Note here I’m using the shared queue with only 8 cpus per task. This is because the step I’m running doesn’t have much threading or take up much memory, so I can use less of the machine and reduce our charging while running for longer. Use with caution!

#!/bin/bash
#SBATCH -A m1727
#SBATCH -C cpu
#SBATCH -q shared
#SBATCH -t 12:00:00
#SBATCH --nodes=1
#SBATCH --ntasks=1
#SBATCH --cpus-per-task 8
#SBATCH --image=lsstsqre/centos:7-stack-lsst_distrib-w_2024_10


export OMP_PROC_BIND=spread
export OMP_PLACES=threads
export OMP_NUM_THREADS=8

shifter --image=lsstsqre/centos:7-stack-lsst_distrib-w_2024_10 ./run_pipetask.sh

My run_pipetask.sh file looks like this (and yes the #!/bin/sh is necessary):

#!/bin/sh

source /opt/lsst/software/stack/loadLSST.bash
setup lsst_distrib

pipetask --long-log --log-file test.log run -b '/global/cfs/cdirs/lsst/production/gen3/DC2/Run2.2i/repo/butler-schema-migration.yaml' -i 'u/descdm/coadds_Y1_4430','u/plarsen/ssi_test_schemamigration2' -p test-injection-new.yaml#step3c -d "band='g' AND tract=4430 AND skymap='DC2'" -o 'u/plarsen/ssi_test_injected_schemamigration2' --register-dataset-types -j8

Then submit this in the normal way with

sbatch run_injection.sh

And to look at the status use

squeue –me

Note:

for step 3 to run correctly I had to remove links to truth matching from your pipeline yaml file , as I didn’t have the truth catalogs ingested into the butler. Once a fix is found for this we can add it to the notes.

Now continue to run

pipetask --long-log --log-file test.log run -b '/global/cfs/cdirs/lsst/production/gen3/DC2/Run2.2i/repo/butler-schema-migration.yaml' -i 'u/descdm/coadds_Y1_4430','u/plarsen/ssi_test_schemamigration2' -p test-injection-new.yaml#step2 -d "band='g' AND tract=4430 AND skymap='DC2'" -o 'u/plarsen/ssi_test_injected_schemamigration2' --register-dataset-types -j64

And for step3, it will run the injection as part of this, and then measure object catalogs out of it, watch out though things like the deblender take a long time to run!
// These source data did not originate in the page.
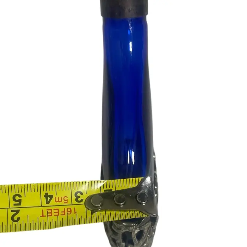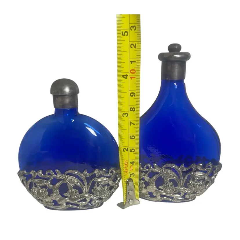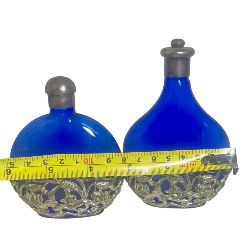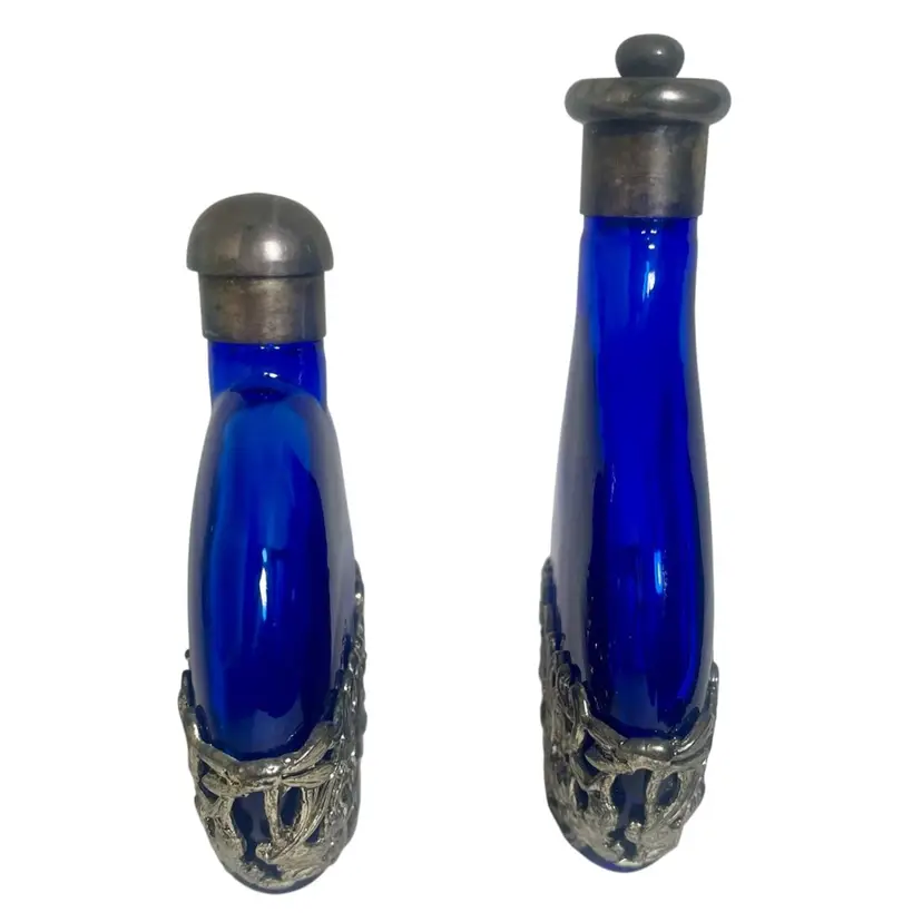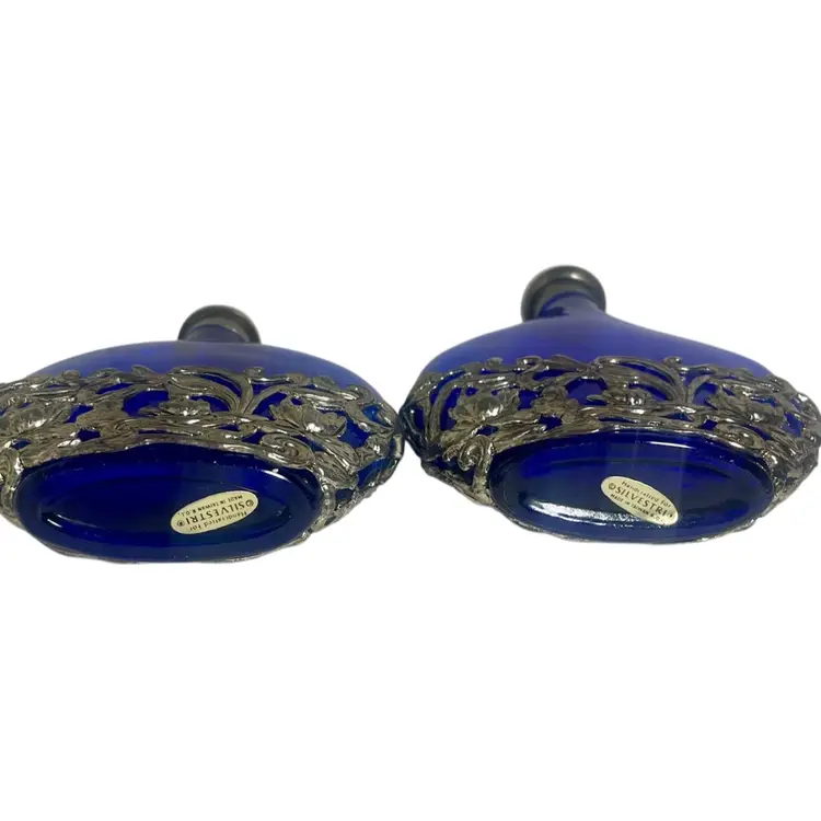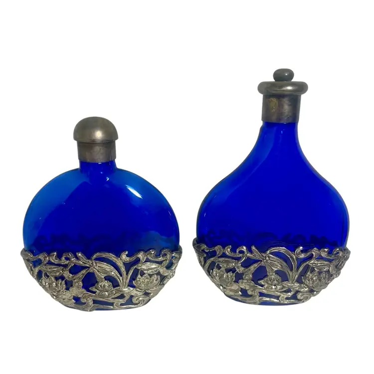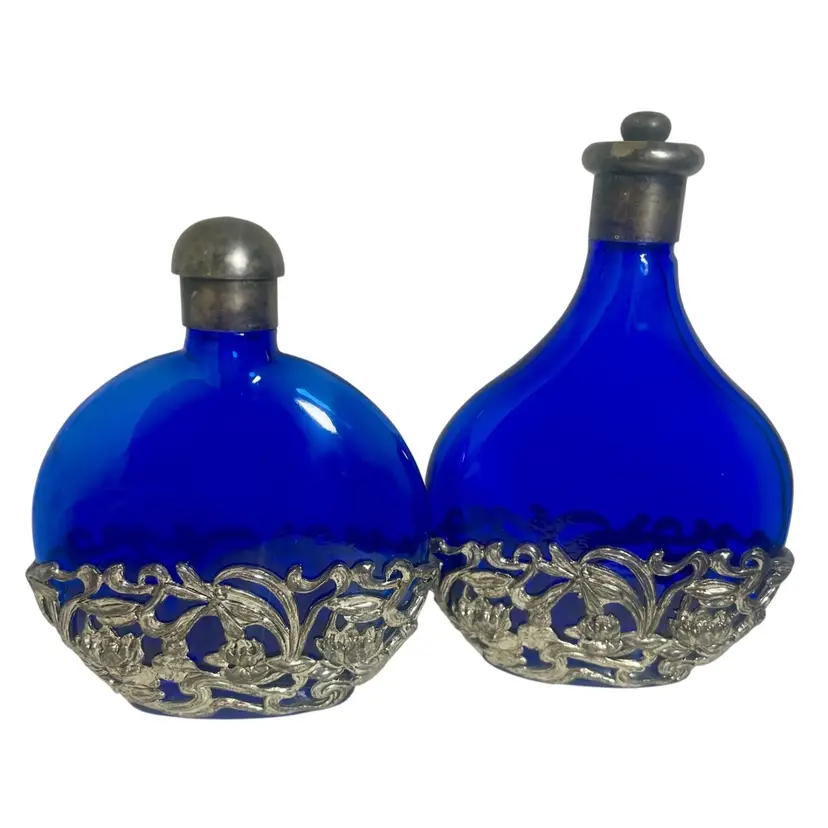 Vintage SILVER PLATED COBALT BLUE Glass Filigree Perfume Bottle Floral 2 Bottles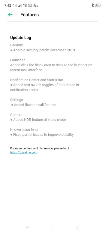 Also getting the January update is the Realme X2. Just like the X2 Pro, this update is also based on the December 2019 security patch level. The following is the update’s changelog.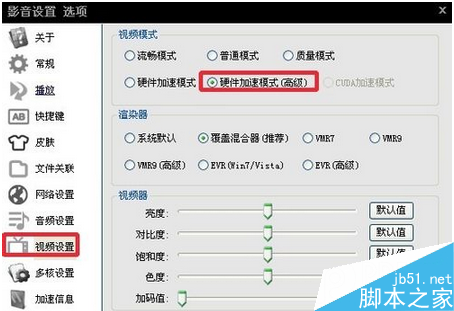 设置窗口的视频设置窗口,我们这里选择视频模式为硬件加速模式。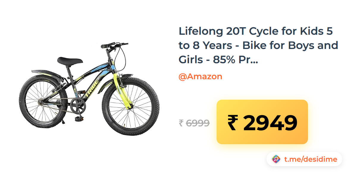 58% off on - Lifelong 20T Cycle for Kids 5 to 8 Years - Bike for Boys and Girls - 85% Pre-Assembled - Unisex Cycle (Tribe, Yellow & Black) - Rs. 2949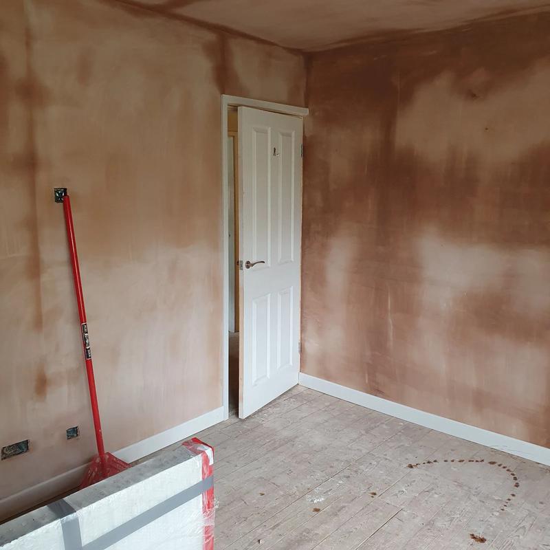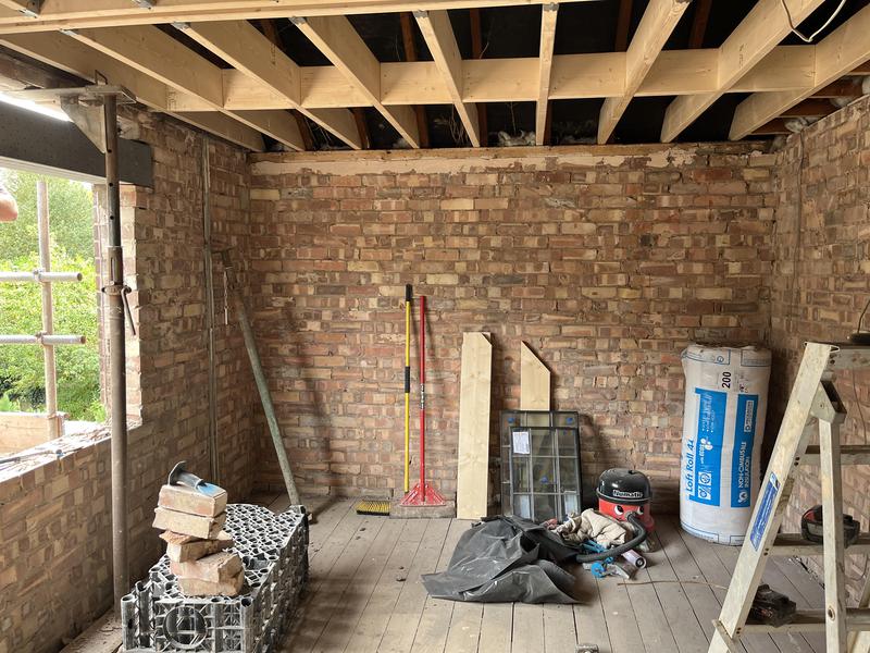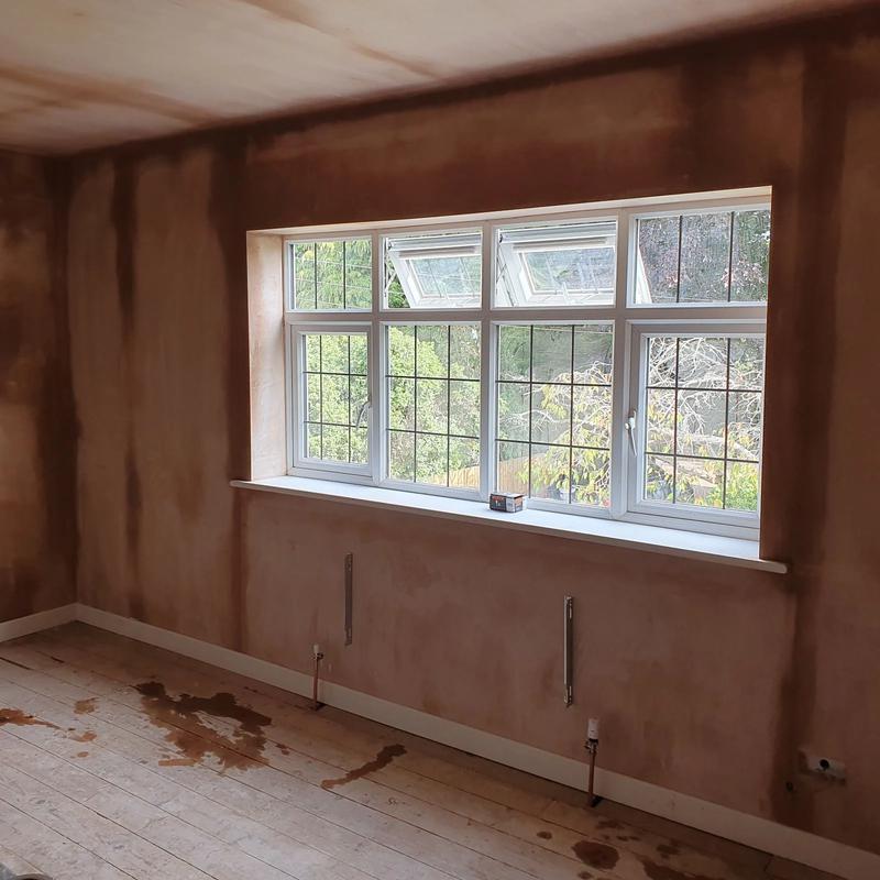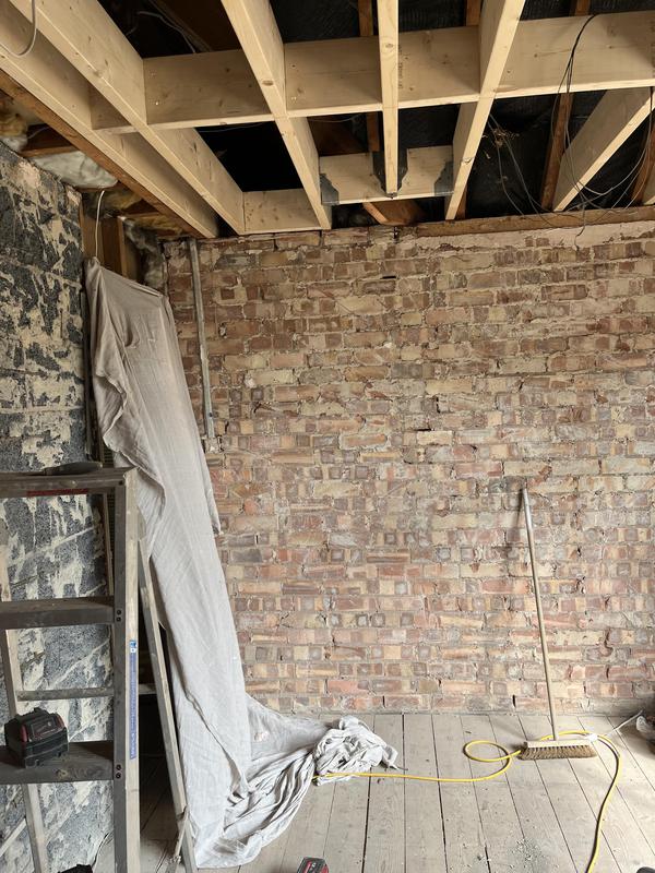 - The plasterwork was stripped back to bare plaster. We then fitted insulated plasterboard to make the room warmer.

pipetask --long-log --log-file test.log run -b '/global/cfs/cdirs/lsst/production/gen3/DC2/Run2.2i/repo/butler-schema-migration.yaml' -i 'u/descdm/coadds_Y1_4430','u/plarsen/ssi_test_schemamigration2' -p test-injection-new.yaml#step3 -d "band='g' AND tract=4430 AND skymap='DC2'" -o 'u/plarsen/ssi_test_injected_schemamigration2' --register-dataset-types -j64

Then theoretically you should be done!